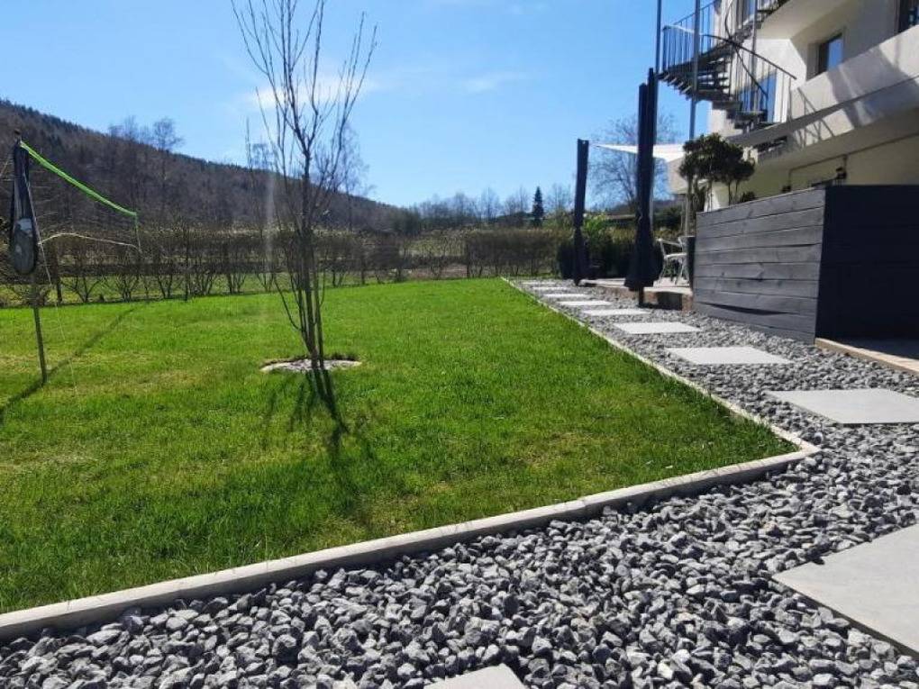 Auf der Terrasse haben sie einen schönen Ausblick auf unseren Garten und Berge
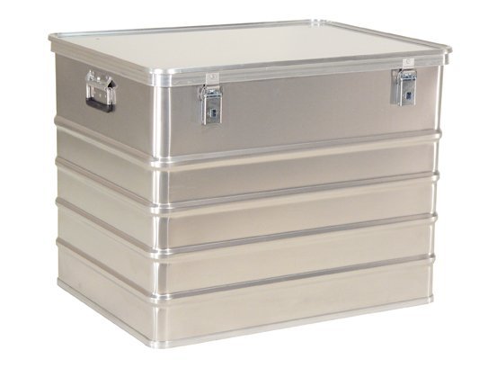 Univerzální stohovatelné bedny vyrobeny z vysoce kvalitní hliníkové slitiny. Odklápěcí víko s gumovým těsněním a dvěma upevňovacími popruhy. Dvě rukojeti. Různé rozměry, objem 50 - 137 l.
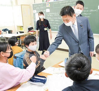 葛野小学校(石塚直実校長)に11月8日、末松信介文部科学大臣が視察に訪れた。教育現場や研究施設の視察の一環で、理化学研究所、海洋研究開発機構と併せて同校を訪問した。
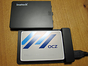 このモデルは、Core-i5-2520M (2.5GHz)/RAM: 4GB/500GBのHDDのタイプ。ちょっと古いノートPCはSSDに換装するとで快適になるらしいという噂を目にしたので、SSDをネットで物色。Amazonで240GBのモデルが1万円きってたので購入した。東芝グループのOCZというメーカーのスタンダートモデルでTLCのSSD。これであと3年くらい延命できないかなーという戦略。また、クローン作製と、換装後のHDDを使うために2.5ichドライブ用のSATAの外付けケースも同時に購入。
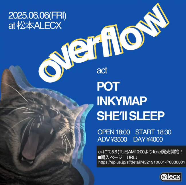 overflow SCHEDULE 2025/06/06(金) 松本ALECX OPEN 18:00 / START 18:30 ADV ¥3,500 INKYMAP SHE'll SLEEP POT チケット詳細はこちら URLをコピーする 報告する

Exercise requirements: Write out the material above without changing a word, and skip any picture.

Result for this task:
 Auf der Terrasse haben sie einen schönen Ausblick auf unseren Garten und Berge
 Univerzální stohovatelné bedny vyrobeny z vysoce kvalitní hliníkové slitiny. Odklápěcí víko s gumovým těsněním a dvěma upevňovacími popruhy. Dvě rukojeti. Různé rozměry, objem 50 - 137 l.
 葛野小学校(石塚直実校長)に11月8日、末松信介文部科学大臣が視察に訪れた。教育現場や研究施設の視察の一環で、理化学研究所、海洋研究開発機構と併せて同校を訪問した。
 このモデルは、Core-i5-2520M (2.5GHz)/RAM: 4GB/500GBのHDDのタイプ。ちょっと古いノートPCはSSDに換装するとで快適になるらしいという噂を目にしたので、SSDをネットで物色。Amazonで240GBのモデルが1万円きってたので購入した。東芝グループのOCZというメーカーのスタンダートモデルでTLCのSSD。これであと3年くらい延命できないかなーという戦略。また、クローン作製と、換装後のHDDを使うために2.5ichドライブ用のSATAの外付けケースも同時に購入。
 overflow SCHEDULE 2025/06/06(金) 松本ALECX OPEN 18:00 / START 18:30 ADV ¥3,500 INKYMAP SHE'll SLEEP POT チケット詳細はこちら URLをコピーする 報告する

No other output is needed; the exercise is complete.